Beautiful Soup

Bug #1034883
Comment #3

Comment 3 for bug 1034883

Revision history for this message

Leonard Richardson (leonardr) wrote on 2012-08-09:

To make a long story short, this is a bug in lxml. Specifically, it's bug 963936, which prevents any substantial Unicode XML document from being parsed by lxml through the feed() interface.

Version 4.0.1 of Beautiful Soup worked around this by passing in the document in 512-character chunks. This workaround exposed bug Beautiful Soup bug 972466: HTML documents whose <meta> tags declared the encoding as other than UTF-8 became mangled, due to an unknown bug in lxml--possibly the same as bug 963936, possibly a different bug, certainly a related bug since they both involve Unicode data.

Your NZB file starts with this line:

<?xml version="1.0" encoding="iso-8859-1" ?>

Replace it with this line and the file will parse:

<?xml version="1.0" encoding="iso-8859-1" ?>

It looks like you've reproduced bug 972466 with an XML document.
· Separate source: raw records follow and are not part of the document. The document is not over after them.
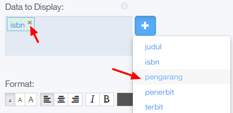 - Sesuaikan Data yang akan ditampilkan, misalnya ubah data ISBN ke data PENGARANG.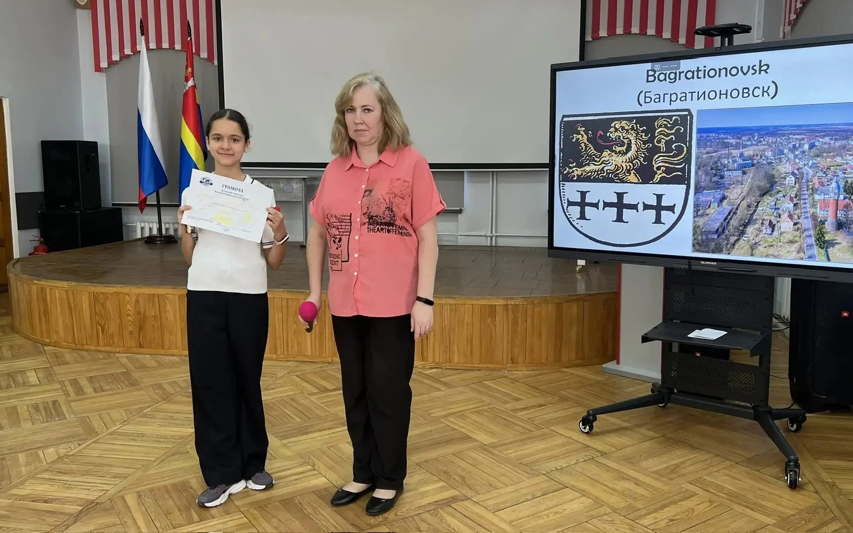 Ученики 6 «Б» класса познакомили участников с историей и достопримечательностями Гурьевского муниципального округа. Ребята из 6 «А» класса представили Багратионовский муниципальный округ, а также провели небольшую викторину для зрителей. Победителем стала Арина Степанишена.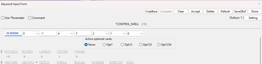 In addition, the following parameters for *CONTROL_SHELL work well for this simulation.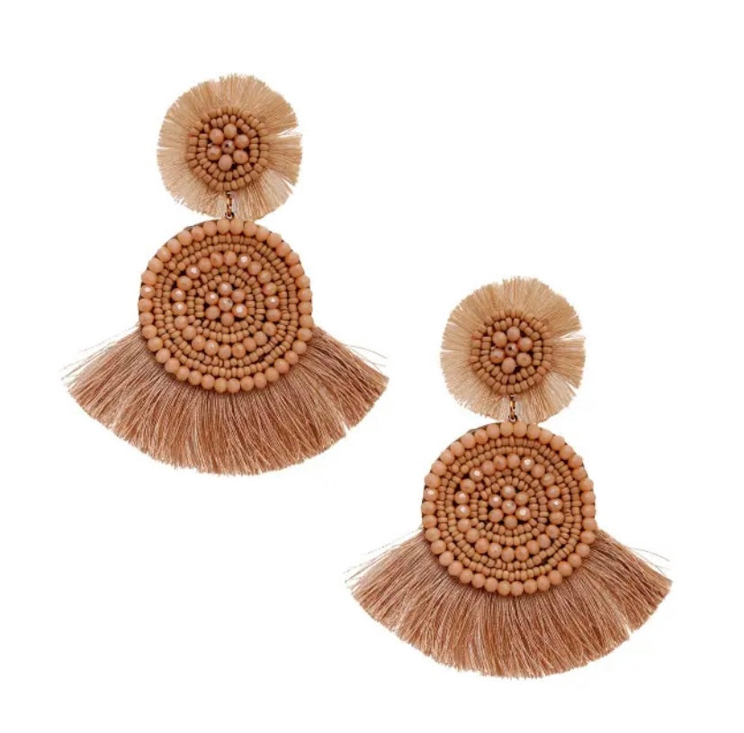 Seed Bead Double Circle Drop Earrings Featuring Silk Fan Tassel Detailing. Felt Backing. Earrings measure 3.25 inches wide Available in blue and natural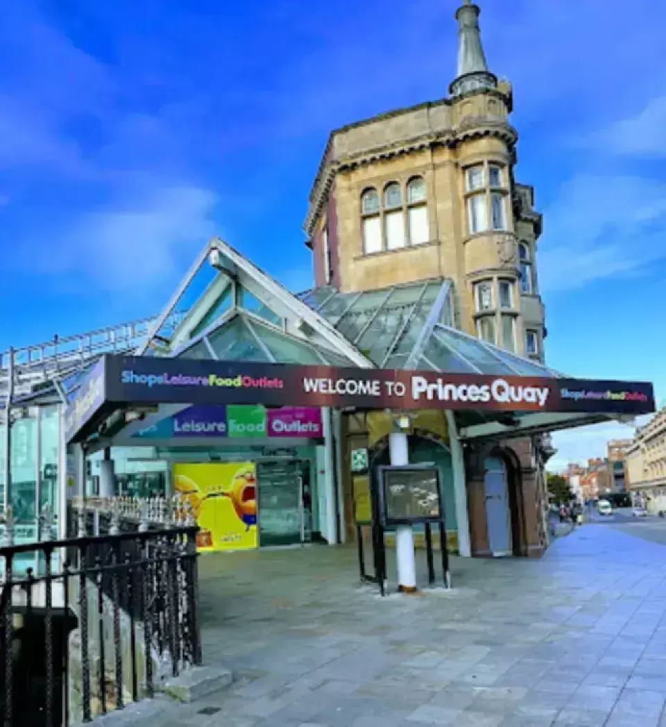 Princes Quay(昆士碼頭購物中心)位於英國赫爾市中心的購物中心,建於舊碼頭之上,具有獨特的水上設計。購物中心內有多層次的零售店,包括品牌專賣店、折扣店和娛樂設施,如電影院和遊樂場。Princes Quay 也是一個社交聚會場所,定期舉辦各類活動和展覽,為當地居民和遊客提供多樣化的購物和娛樂選擇。
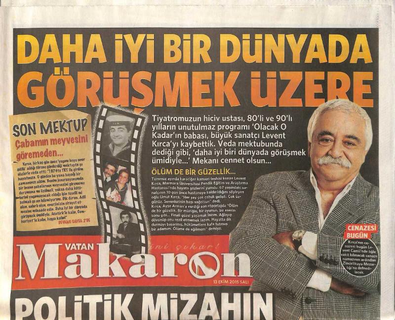 Vatan Gazetesi Makaron Eki 13 Ekim 2015 - Büyük Sanatçı Levent Kırca'yı Kaybettik - 50 Cent'in İstanbul Konseri GZ154740, en son 19 gün önce güncellenmiştir.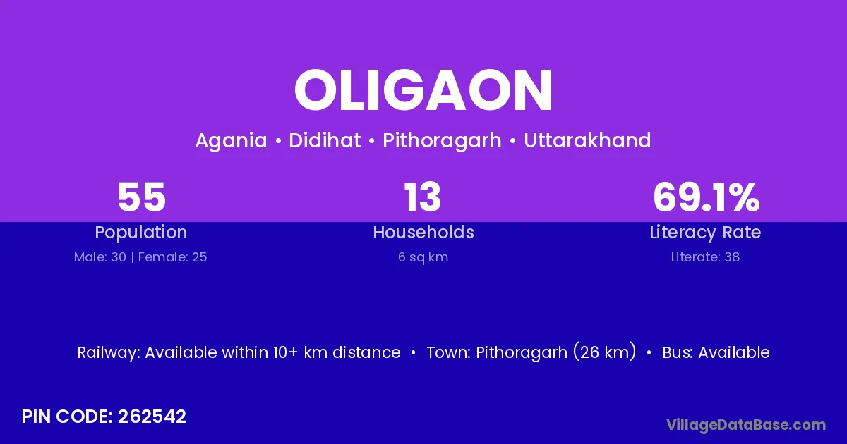 Pithoragarh (26 km) is the nearest town to Oligaon village for major economic activities and is located approximately 26 km away.

The 'encoding' attribute in the XML declaration triggers the same underlying lxml bug as does the <meta> tag declaration in an HTML document.

For HTML documents, the solution was to remove the 963936 workaround (in Beautiful Soup 4.0.2). lxml's HTML parser doesn't have 963936. But the XML parser does have 963936, and the bug has yet to be fixed upstream. That bug is much worse than this one, so the Beautiful Soup workaround needs to stay in place.

I recommend parsing your documents as HTML. Both the built-in parser and lxml's HTML parser find all the <segment> tags in the document.

You can also use UnicodeDammit to convert the documents to Unicode, then replace 'encoding="iso-8859-1"' with 'encoding="utf8"'. The lxml XML parser will then parse the documents correctly.